The melting points of all the synthesized compounds were determined on electric melting point apparatus and are uncorrected. 2-Hydroxynaphthalene-1,4-dione, benzene-1,2-diamine, cyclic ketones and amino derivatives used in the synthesis of complex spiroheterocycles were purchased from the commercial sources and were used as such. The purity of all the synthesized compounds was checked by TLC. 1H NMR and 13C NMR were recorded on JEOL 400 MHz and 100 MHz NMR spectrometer, respectively. Analytical and spectral data of the synthesized heterocycles are also included.

Typical procedure for synthesis of Er doped TiO2 NPs

Er doped TiO2 NPs were synthesized by sol–gel route using titanium tetra isopropoxide (TTIP) as a precursor. Firstly, water, ethanol, and acetic acid was mixed in a ratio of 2 : 20 : 3 respectively and stirred for 15 min. TTIP (5 ml) was dissolved in the prepared solution and the stirring was continued for half an hour. A separate solution of ErCl3 in water and ethanol (1 : 10) was prepared and added to the TTIP solution.
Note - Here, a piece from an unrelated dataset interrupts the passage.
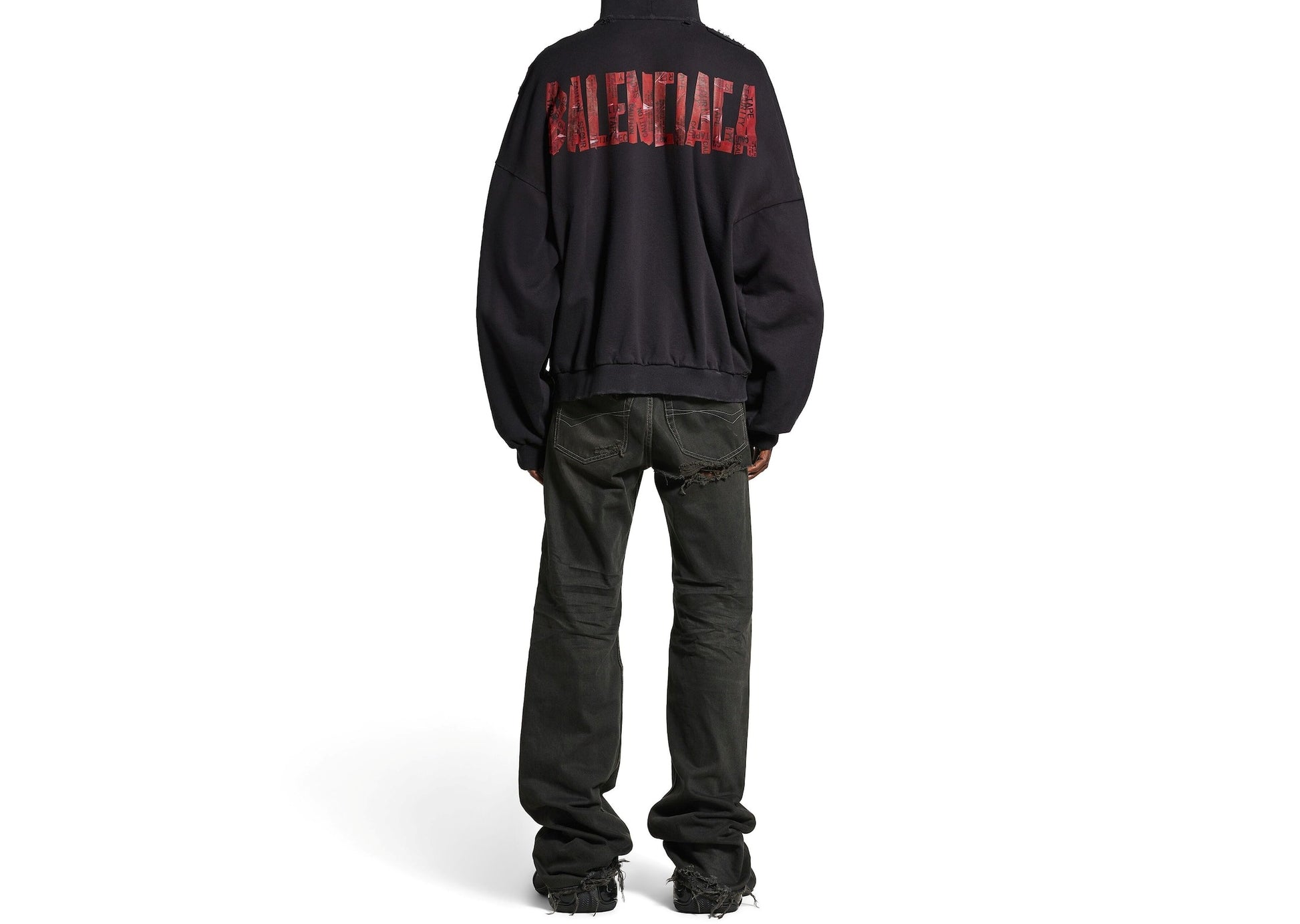 발렌시아가 남성 시큐리티 테이프 로고 라지 집업 후디 페이드

The resultant solution was stirred for half an hour. 1-Thioglycerol (0.25 ml) was added drop-wise and the stirring was further continued for next one hour. Resulted milky white sol was placed in a water bath at 80 °C for two and half hour and an orange gel was formed. Subsequently, the gel was washed with deionised water several times to eradicate the alcohol and dried in oven at 100 °C. After cooling to room temperature the dried gel was grinded and the powder was post-annealed in air at the temperature 500 °C for one hour. The amount of ErCl3 was varied to synthesize Er doped TiO2 with different concentration.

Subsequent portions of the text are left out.